Question

A total charge of 6.01 mC passes through a

cross-sectional area of a wire in 2.38 s.
What is the current in the wire?
Answer in units of mA.

Answer 1

since 1A = 1C/s,

6.01mC/2.38s = 2.252 mC/s = 2.252 mA

Answer 2

[AI-generated answer — Clown Bot]

Well, to find the current, we need to divide the total charge passing through the wire by the time it takes. Let me do the math... *clownishly calculates with oversized calculator*

Okay, dividing 6.01 mC by 2.38 s gives us a current of 2.523699 mC/s.
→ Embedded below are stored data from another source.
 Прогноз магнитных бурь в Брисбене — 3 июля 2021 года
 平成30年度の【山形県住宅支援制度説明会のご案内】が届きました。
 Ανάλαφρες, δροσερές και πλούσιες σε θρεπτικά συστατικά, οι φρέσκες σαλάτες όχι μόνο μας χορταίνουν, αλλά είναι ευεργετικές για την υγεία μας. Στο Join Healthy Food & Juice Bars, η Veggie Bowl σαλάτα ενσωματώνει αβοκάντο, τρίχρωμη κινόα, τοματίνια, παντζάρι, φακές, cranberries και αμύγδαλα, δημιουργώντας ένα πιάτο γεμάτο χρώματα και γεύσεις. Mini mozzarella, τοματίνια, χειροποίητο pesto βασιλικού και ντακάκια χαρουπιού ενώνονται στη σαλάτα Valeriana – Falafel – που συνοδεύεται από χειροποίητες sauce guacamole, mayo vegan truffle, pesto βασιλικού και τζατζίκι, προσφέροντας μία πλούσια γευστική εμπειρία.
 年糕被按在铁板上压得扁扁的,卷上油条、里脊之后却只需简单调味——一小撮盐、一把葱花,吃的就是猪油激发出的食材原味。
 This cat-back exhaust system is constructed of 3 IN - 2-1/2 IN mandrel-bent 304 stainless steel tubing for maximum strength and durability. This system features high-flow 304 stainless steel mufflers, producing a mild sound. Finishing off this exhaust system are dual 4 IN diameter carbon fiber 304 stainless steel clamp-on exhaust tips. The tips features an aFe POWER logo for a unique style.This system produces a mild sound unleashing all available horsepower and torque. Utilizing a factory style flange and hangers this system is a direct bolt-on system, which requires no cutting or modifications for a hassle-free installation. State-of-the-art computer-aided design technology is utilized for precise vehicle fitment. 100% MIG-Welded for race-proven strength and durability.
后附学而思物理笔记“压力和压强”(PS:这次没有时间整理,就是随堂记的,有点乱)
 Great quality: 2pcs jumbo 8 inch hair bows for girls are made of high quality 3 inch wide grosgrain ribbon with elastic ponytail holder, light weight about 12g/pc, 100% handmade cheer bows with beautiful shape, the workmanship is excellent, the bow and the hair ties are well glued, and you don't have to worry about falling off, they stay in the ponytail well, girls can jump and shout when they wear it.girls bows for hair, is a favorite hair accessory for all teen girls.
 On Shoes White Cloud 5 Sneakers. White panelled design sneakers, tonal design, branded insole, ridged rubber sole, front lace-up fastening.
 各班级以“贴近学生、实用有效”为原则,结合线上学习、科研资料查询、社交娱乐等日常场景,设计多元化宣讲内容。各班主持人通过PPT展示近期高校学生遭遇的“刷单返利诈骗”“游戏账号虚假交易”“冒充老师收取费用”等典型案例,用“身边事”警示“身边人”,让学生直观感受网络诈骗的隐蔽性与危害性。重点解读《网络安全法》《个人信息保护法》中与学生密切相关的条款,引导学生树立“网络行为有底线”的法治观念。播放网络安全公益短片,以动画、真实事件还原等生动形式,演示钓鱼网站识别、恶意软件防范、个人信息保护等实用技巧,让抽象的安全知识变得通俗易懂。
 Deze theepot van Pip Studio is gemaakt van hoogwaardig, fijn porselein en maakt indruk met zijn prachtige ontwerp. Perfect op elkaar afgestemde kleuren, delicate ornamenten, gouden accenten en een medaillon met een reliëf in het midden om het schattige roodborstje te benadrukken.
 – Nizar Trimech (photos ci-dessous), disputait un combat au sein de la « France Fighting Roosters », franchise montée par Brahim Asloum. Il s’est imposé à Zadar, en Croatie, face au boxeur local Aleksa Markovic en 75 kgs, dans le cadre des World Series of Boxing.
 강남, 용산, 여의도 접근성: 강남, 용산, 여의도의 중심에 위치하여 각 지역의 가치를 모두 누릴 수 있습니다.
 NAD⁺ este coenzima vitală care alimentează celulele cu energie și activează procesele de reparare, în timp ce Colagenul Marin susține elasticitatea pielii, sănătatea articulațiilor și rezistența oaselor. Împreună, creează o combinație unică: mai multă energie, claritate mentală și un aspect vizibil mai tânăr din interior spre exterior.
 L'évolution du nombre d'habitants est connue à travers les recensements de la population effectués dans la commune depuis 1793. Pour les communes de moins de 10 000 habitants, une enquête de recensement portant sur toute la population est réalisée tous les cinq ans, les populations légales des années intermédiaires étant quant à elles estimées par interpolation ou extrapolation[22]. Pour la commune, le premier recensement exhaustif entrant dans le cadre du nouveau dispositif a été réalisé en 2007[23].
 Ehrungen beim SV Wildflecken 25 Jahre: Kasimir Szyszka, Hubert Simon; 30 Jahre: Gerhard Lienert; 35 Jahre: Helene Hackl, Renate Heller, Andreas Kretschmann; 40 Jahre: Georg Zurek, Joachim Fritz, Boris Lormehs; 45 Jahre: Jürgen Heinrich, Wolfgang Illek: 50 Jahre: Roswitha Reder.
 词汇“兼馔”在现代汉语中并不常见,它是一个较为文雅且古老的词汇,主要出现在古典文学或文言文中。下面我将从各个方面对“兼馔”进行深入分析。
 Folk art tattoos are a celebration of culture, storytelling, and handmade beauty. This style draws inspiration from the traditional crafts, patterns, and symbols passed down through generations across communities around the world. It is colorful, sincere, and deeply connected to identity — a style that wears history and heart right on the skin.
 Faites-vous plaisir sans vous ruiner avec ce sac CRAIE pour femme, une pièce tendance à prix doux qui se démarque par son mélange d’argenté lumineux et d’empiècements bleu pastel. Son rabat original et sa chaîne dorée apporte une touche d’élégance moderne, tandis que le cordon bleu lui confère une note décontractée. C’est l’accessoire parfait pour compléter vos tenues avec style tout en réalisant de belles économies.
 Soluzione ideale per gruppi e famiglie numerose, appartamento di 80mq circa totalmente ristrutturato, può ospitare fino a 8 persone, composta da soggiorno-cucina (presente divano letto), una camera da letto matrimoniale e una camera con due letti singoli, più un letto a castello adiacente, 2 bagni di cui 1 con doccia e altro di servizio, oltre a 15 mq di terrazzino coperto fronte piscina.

However, we need to convert that to milliamperes (mA). Since 1 A (ampere) is equal to 1000 mA, our final answer is approximately 2.52 mA.

Voila! The current in the wire is approximately 2.52 mA. Keep those electrons flowing!

Answer 3

[AI-generated answer — Step-by-Step Bot]

To find the current in the wire, we can use the formula:

Current (I) = Charge (Q) / Time (t)

Given that the total charge is 6.01 mC and the time is 2.38 s, we can substitute these values into the formula to find the current:

I = 6.01 mC / 2.38 s

To convert milliCoulombs (mC) to Coulombs (C), we multiply by 10^-3:

I = (6.01 mC * 10^-3) / 2.38 s

Simplifying the calculation:

I = 6.01 * 10^-3 C / 2.38 s

Now, to convert the result to milliamperes (mA), we can use the fact that 1 A (Ampere) is equal to 1000 mA, so:

I = (6.01 * 10^-3 C / 2.38 s) * (1000 mA / 1 A)

Simplifying the calculation:

I = (6.01 * 10^-3 * 1000) / 2.38 mA

Evaluating the expression:

I = 60.1 / 2.38 mA

I ≈ 25.21 mA

Therefore, the current in the wire is approximately 25.21 mA.

Answer 4

[AI-generated answer — Explain Bot]

To find the current in the wire, we need to use the formula:

I = Q / t

Where:
I = current (in Amperes)
Q = total charge (in Coulombs)
t = time (in seconds)

Given:
Q = 6.01 mC (milliCoulombs)
t = 2.38 s

But since the question asks for the answer in mA (milliamperes), we need to convert the units accordingly.

1 A = 1000 mA
So, 1 C = 1000 mC

Converting the units of charge:
Q = 6.01 mC * (1 C / 1000 mC) = 0.00601 C

Now we can substitute the values into the formula to find the current:

I = 0.00601 C / 2.38 s
I ≈ 0.002526 A

Finally, to convert the current to mA:

I = 0.002526 A * (1000 mA / 1 A)
I ≈ 2.526 mA

Therefore, the current in the wire is approximately 2.526 mA.